(Dataset entries)
===============

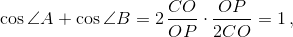 Докажите, что cos∠A + cos∠B = 1.
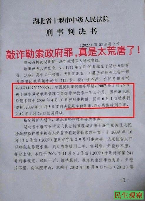 后因民事官司执行不到位,2006年尹登珍开始上访维权,2007年被劳教1年3个月,2009年被市政府、公检法集体做假证捏造冤案“敲诈勒索政府罪”判刑服刑3年,该案通过尹登珍上诉申诉16次,最终于2022年5月30日其“敲诈勒索政府罪”被宣告无罪。
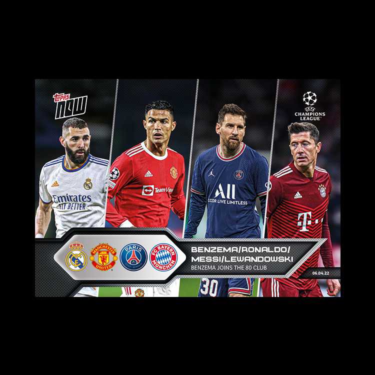 2022 Topps Now Messi&Benzema&Ronaldo&Lewandowski 欧冠 梅西&C罗&本泽马&莱万 四大射手同框 80俱乐部(彬伯)【JS卡牌潮玩】(随机发货,卡品通行
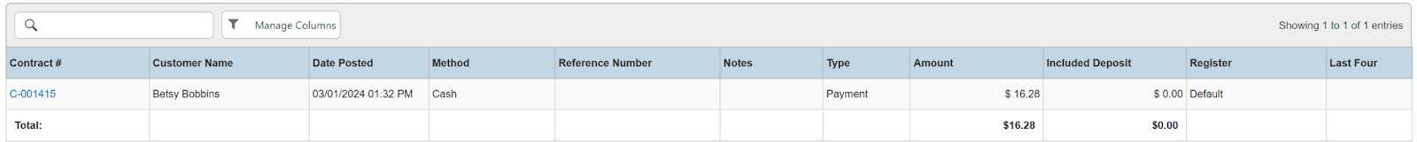 Columns: Contract #, Purchase Order #, Customer Name, National Id, Remote Id, Date Posted, Method, Reference Number, Notes, Type, Amount, Included Deposit, Register, Last Four
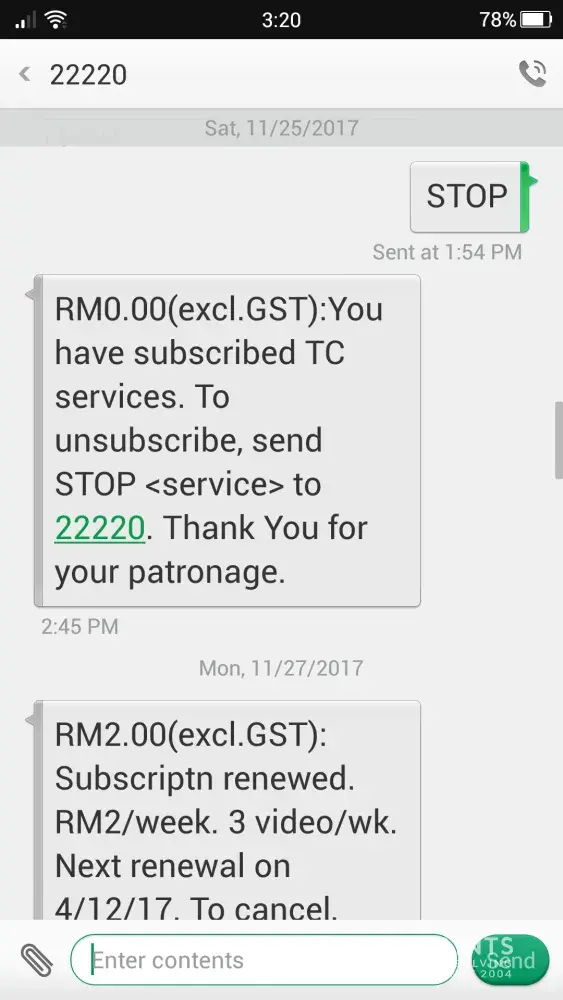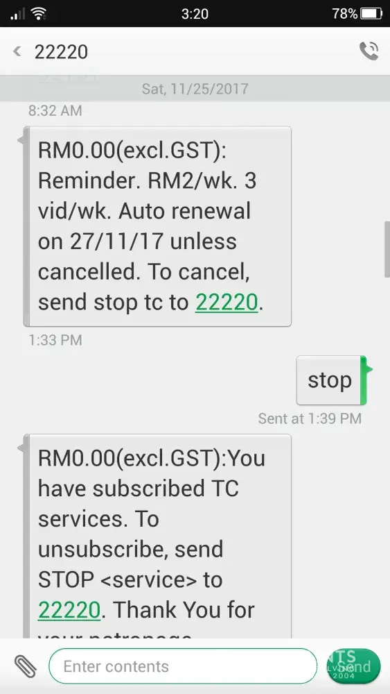 I received the renewal message every 3 to 4 days and it is really annoying. I even send "STOP" to unsubscribe due to ridiculous charge but no response.
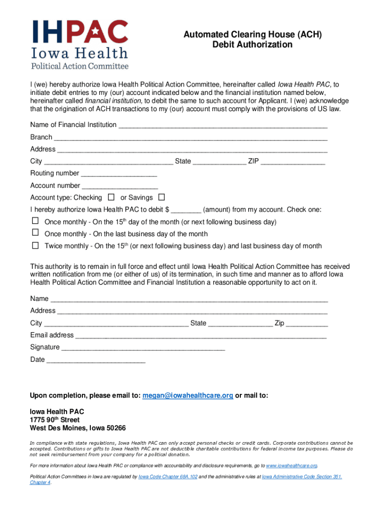 Automated Clearing House (ACH) Debit Authorization (we) hereby authorize Iowa Health Political Action Committee, hereinafter called Iowa Health PAC, to initiate debit entries to my (our) account indicated
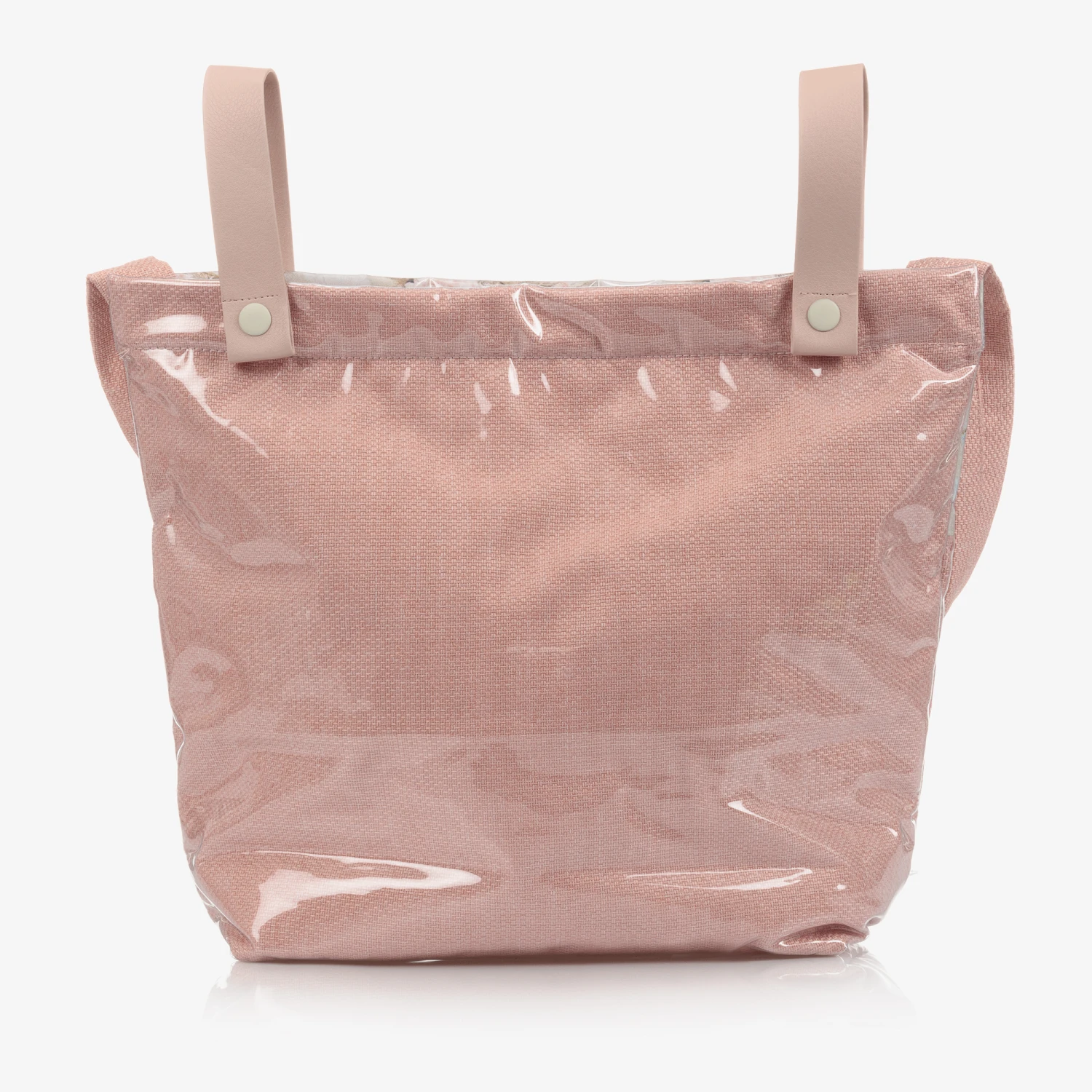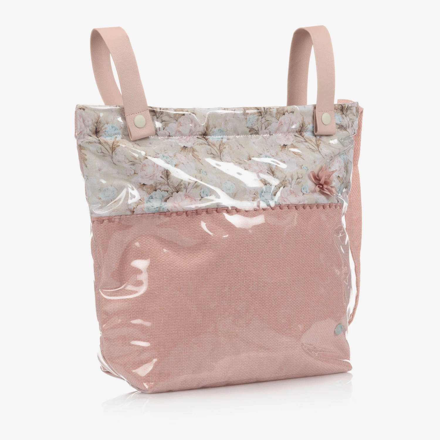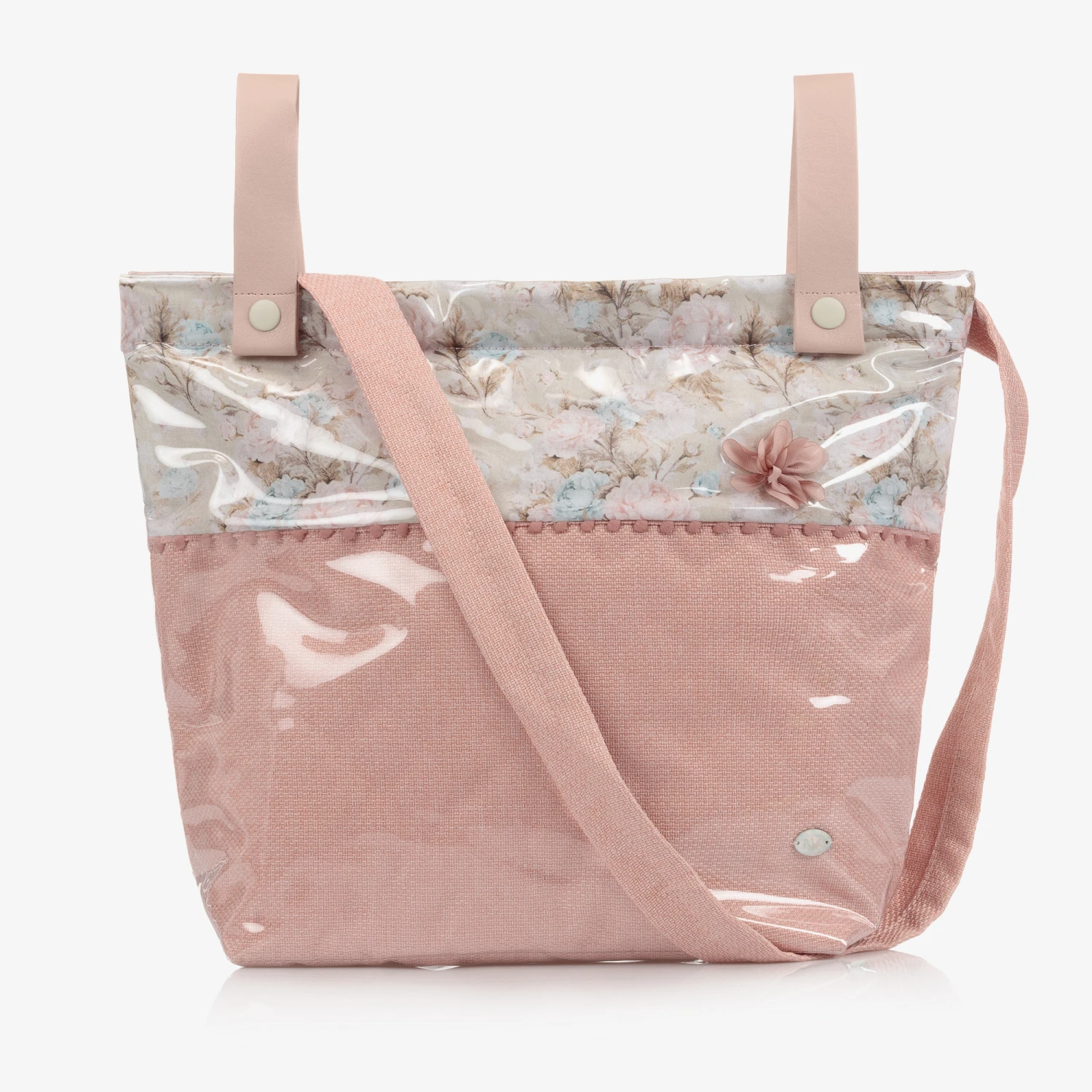 Pale pink changing bag, by Paz Rodriguez. Lined with silky, quilted polyester, it has a sweet floral print at the top, and a pretty pink silky flower appliqué. It has one main compartment with two internal elasticated pouch pockets. It comes with a detachable long padded strap and two shorter straps, allowing it to be attached to a buggy or a pram.

===============

» **Aim of the exercise**
The records above must be returned exactly, with each picture omitted.

» **Answer to this exercise**
 Докажите, что cos∠A + cos∠B = 1.
 后因民事官司执行不到位,2006年尹登珍开始上访维权,2007年被劳教1年3个月,2009年被市政府、公检法集体做假证捏造冤案“敲诈勒索政府罪”判刑服刑3年,该案通过尹登珍上诉申诉16次,最终于2022年5月30日其“敲诈勒索政府罪”被宣告无罪。
 2022 Topps Now Messi&Benzema&Ronaldo&Lewandowski 欧冠 梅西&C罗&本泽马&莱万 四大射手同框 80俱乐部(彬伯)【JS卡牌潮玩】(随机发货,卡品通行
 Columns: Contract #, Purchase Order #, Customer Name, National Id, Remote Id, Date Posted, Method, Reference Number, Notes, Type, Amount, Included Deposit, Register, Last Four
 I received the renewal message every 3 to 4 days and it is really annoying. I even send "STOP" to unsubscribe due to ridiculous charge but no response.
 Automated Clearing House (ACH) Debit Authorization (we) hereby authorize Iowa Health Political Action Committee, hereinafter called Iowa Health PAC, to initiate debit entries to my (our) account indicated
 Pale pink changing bag, by Paz Rodriguez. Lined with silky, quilted polyester, it has a sweet floral print at the top, and a pretty pink silky flower appliqué. It has one main compartment with two internal elasticated pouch pockets. It comes with a detachable long padded strap and two shorter straps, allowing it to be attached to a buggy or a pram.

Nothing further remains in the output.